-- About this exercise --
Only certain lines below are wanted: those starting at the line containing "Phenomenally beautiful 14" and ending at the line containing "- Calendar Features: Thick", both included, each retyped exactly.

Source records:
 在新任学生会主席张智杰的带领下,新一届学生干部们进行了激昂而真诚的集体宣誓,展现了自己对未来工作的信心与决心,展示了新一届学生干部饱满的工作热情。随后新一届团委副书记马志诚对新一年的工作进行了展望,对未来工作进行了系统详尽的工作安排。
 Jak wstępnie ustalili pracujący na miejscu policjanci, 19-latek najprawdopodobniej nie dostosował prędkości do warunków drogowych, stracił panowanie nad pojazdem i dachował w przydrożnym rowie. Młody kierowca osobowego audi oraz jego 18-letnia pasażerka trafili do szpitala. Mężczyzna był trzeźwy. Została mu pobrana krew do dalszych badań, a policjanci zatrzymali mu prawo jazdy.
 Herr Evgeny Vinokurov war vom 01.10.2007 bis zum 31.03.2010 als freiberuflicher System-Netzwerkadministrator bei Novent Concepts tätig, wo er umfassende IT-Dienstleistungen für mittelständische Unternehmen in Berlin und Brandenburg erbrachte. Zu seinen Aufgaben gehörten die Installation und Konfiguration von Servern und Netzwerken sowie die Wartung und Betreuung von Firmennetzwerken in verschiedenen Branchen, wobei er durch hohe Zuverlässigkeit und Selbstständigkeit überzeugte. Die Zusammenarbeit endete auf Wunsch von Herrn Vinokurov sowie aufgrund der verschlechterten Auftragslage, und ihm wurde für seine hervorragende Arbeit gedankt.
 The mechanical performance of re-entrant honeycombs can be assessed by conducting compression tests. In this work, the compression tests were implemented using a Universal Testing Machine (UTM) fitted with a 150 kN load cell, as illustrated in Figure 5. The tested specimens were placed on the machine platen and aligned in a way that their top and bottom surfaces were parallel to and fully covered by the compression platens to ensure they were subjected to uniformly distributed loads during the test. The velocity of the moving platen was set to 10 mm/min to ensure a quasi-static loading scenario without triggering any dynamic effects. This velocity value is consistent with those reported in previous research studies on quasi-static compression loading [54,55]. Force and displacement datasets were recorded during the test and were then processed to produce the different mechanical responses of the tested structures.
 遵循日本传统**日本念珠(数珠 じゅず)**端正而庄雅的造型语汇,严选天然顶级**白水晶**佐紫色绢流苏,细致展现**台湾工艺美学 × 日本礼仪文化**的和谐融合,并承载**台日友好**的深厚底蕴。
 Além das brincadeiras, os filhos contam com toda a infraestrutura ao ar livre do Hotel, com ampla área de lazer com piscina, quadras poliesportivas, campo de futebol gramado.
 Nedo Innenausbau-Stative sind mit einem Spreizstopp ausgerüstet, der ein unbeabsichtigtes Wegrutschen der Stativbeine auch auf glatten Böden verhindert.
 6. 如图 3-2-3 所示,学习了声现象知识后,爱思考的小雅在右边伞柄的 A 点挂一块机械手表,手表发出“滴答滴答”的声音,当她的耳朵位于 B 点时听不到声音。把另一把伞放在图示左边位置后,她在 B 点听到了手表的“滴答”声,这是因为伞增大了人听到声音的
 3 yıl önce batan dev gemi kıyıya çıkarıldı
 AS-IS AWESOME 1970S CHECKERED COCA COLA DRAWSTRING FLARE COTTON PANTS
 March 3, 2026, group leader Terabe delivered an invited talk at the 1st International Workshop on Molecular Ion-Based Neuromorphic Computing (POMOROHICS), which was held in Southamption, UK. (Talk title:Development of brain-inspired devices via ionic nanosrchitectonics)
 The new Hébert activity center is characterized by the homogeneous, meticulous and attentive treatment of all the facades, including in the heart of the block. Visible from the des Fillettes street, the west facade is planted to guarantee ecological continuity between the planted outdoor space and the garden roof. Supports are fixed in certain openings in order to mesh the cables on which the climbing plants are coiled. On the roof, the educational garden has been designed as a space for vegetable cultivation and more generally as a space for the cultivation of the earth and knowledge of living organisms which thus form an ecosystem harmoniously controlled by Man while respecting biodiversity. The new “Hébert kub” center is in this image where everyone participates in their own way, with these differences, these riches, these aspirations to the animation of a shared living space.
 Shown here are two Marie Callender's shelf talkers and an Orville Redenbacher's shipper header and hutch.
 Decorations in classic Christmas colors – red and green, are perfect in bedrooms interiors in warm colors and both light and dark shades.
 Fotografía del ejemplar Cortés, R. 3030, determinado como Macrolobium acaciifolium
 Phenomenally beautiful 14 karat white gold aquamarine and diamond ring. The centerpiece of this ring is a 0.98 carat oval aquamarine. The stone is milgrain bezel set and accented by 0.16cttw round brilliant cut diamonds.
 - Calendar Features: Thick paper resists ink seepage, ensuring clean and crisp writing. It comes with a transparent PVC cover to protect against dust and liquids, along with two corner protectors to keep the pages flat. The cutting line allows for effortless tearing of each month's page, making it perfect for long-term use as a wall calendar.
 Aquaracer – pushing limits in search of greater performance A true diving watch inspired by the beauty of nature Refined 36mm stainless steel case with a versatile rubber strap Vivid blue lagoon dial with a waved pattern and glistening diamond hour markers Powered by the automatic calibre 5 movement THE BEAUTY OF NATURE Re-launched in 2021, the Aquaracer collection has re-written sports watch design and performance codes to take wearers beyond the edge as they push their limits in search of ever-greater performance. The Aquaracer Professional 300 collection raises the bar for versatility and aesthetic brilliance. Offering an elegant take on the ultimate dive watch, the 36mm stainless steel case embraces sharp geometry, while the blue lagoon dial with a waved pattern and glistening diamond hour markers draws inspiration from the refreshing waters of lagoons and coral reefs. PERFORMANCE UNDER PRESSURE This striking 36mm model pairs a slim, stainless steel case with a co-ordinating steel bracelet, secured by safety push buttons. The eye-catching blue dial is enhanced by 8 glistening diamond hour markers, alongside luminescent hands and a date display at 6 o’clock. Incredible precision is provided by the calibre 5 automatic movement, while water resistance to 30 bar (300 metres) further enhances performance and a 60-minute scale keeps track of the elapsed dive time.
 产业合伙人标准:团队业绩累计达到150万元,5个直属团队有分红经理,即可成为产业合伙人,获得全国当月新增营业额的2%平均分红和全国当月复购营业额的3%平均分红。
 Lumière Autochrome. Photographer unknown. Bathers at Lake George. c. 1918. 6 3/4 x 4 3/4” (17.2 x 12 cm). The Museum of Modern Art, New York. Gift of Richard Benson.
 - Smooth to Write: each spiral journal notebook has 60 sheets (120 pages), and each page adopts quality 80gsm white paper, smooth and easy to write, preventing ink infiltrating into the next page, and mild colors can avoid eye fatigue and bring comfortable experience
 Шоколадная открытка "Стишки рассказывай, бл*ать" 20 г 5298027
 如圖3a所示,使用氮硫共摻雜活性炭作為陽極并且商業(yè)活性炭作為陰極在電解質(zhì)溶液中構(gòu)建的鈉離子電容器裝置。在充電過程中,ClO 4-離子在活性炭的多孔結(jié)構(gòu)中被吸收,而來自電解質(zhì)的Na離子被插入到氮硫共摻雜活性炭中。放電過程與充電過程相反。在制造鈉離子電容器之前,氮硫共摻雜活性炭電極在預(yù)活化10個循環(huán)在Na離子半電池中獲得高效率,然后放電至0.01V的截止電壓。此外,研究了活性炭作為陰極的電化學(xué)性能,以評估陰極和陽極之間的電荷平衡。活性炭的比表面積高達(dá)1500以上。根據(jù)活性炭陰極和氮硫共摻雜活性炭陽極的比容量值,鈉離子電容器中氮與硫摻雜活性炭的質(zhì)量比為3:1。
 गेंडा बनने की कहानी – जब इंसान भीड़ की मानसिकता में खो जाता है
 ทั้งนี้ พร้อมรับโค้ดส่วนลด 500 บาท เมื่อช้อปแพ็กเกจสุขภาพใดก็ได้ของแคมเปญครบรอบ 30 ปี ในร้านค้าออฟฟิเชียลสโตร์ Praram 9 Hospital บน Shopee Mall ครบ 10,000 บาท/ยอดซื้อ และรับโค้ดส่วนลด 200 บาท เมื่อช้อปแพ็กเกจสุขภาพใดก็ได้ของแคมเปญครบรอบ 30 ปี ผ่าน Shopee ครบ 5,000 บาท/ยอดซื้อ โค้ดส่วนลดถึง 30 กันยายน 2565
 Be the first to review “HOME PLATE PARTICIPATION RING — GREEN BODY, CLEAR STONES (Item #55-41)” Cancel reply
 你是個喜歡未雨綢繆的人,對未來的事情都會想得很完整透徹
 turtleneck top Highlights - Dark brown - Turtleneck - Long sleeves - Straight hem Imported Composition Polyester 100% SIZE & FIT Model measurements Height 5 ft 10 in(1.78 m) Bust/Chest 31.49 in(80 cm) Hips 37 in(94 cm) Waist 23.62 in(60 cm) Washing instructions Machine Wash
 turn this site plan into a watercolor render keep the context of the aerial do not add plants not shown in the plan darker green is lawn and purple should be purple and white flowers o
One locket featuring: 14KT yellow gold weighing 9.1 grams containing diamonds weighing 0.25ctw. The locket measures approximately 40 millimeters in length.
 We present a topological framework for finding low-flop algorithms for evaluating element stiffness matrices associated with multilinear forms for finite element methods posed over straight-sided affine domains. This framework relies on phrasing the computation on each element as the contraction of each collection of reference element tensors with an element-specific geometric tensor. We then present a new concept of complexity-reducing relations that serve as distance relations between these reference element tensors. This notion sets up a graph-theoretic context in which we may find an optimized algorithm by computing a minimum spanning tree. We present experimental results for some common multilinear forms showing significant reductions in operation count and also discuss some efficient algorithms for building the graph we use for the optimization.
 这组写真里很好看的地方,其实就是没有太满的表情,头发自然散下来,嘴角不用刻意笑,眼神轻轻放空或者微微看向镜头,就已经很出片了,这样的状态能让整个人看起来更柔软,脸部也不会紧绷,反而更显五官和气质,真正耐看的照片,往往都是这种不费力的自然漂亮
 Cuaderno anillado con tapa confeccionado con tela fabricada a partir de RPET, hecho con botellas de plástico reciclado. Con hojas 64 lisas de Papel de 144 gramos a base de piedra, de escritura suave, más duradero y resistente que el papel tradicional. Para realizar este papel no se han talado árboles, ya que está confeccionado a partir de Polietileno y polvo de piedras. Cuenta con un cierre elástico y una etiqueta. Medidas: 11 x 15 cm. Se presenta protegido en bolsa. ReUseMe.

-- Task output --
 Phenomenally beautiful 14 karat white gold aquamarine and diamond ring. The centerpiece of this ring is a 0.98 carat oval aquamarine. The stone is milgrain bezel set and accented by 0.16cttw round brilliant cut diamonds.
 - Calendar Features: Thick paper resists ink seepage, ensuring clean and crisp writing. It comes with a transparent PVC cover to protect against dust and liquids, along with two corner protectors to keep the pages flat. The cutting line allows for effortless tearing of each month's page, making it perfect for long-term use as a wall calendar.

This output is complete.